Personal information
- Nationality: Austrian
- Born: 12 June 1838 Vienna, Austrian Empire
- Died: 29 July 1908 (aged 70) Vienna
- Occupations: Mountaineer, writer

Climbing career
- Known for: Dolomites first ascents

= Paul Grohmann =

Austrian mountaineer and writer (1838–1908)

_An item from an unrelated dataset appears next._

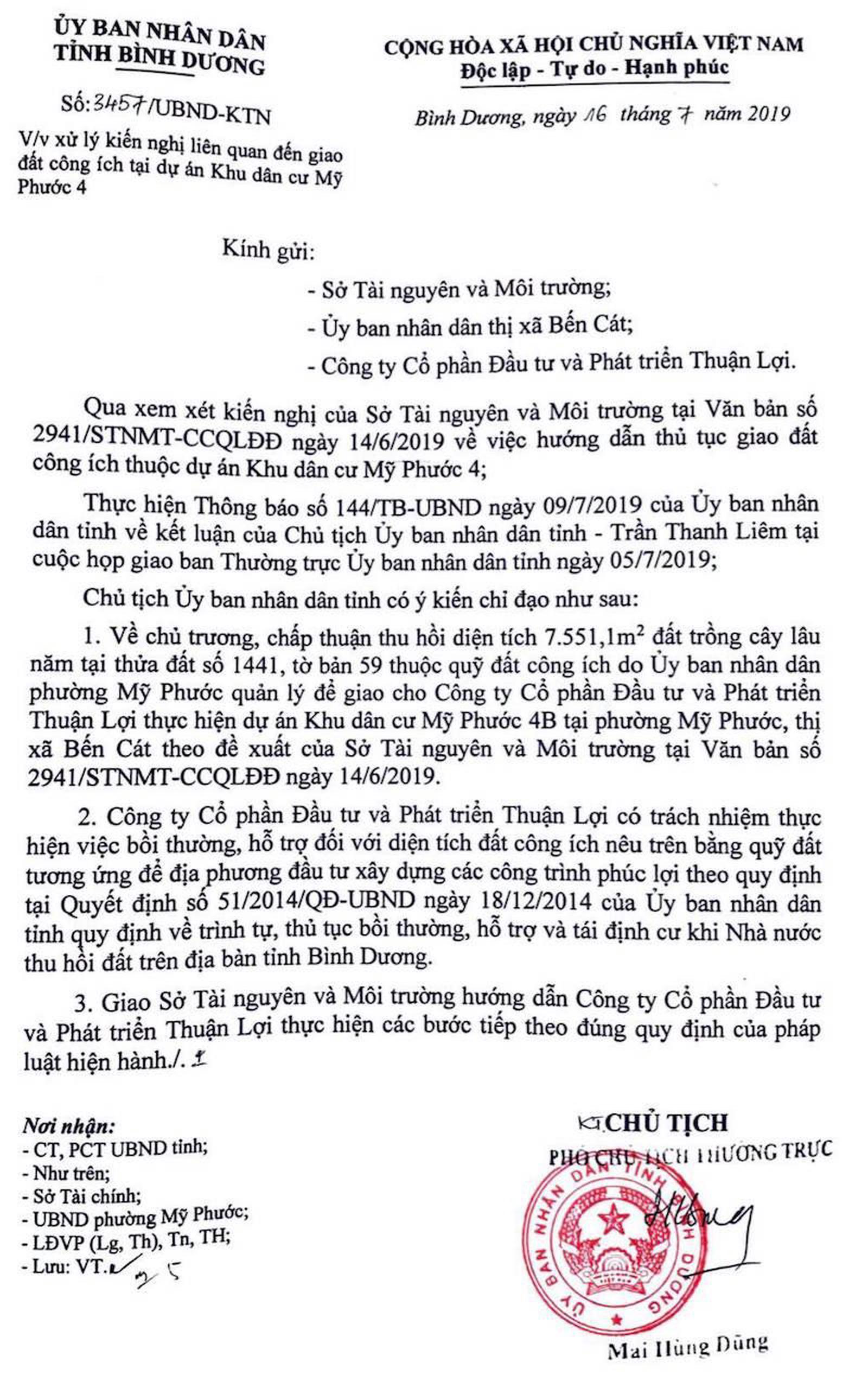 Ngày 16/7/2019, Phó Chủ tịch Thường trực tỉnh Bình Dương Mai Hùng Dũng ký thay Chủ tịch UBND tỉnh Văn bản số 3457/UBND-KTN về việc kiến nghị liên quan đến giao đất công ích tại Dự án Khu dân cư Mỹ Phước 4.

Paul Grohmann (12 June 1838 – 29 July 1908) was an Austrian mountaineer and writer.

==Biography==
Grohmann was a pioneer in exploring technically challenging mountains and is thought to have made more first ascents of Eastern Alps summits than anyone else. Among these are the four highest summits in the Dolomites. In 1862, Grohman, Friedrich Simony and Edmund von Mojsvár founded the Austrian Alpine Club. This was the second mountaineering club in the world, following the founding of the British Alpine Club in 1857.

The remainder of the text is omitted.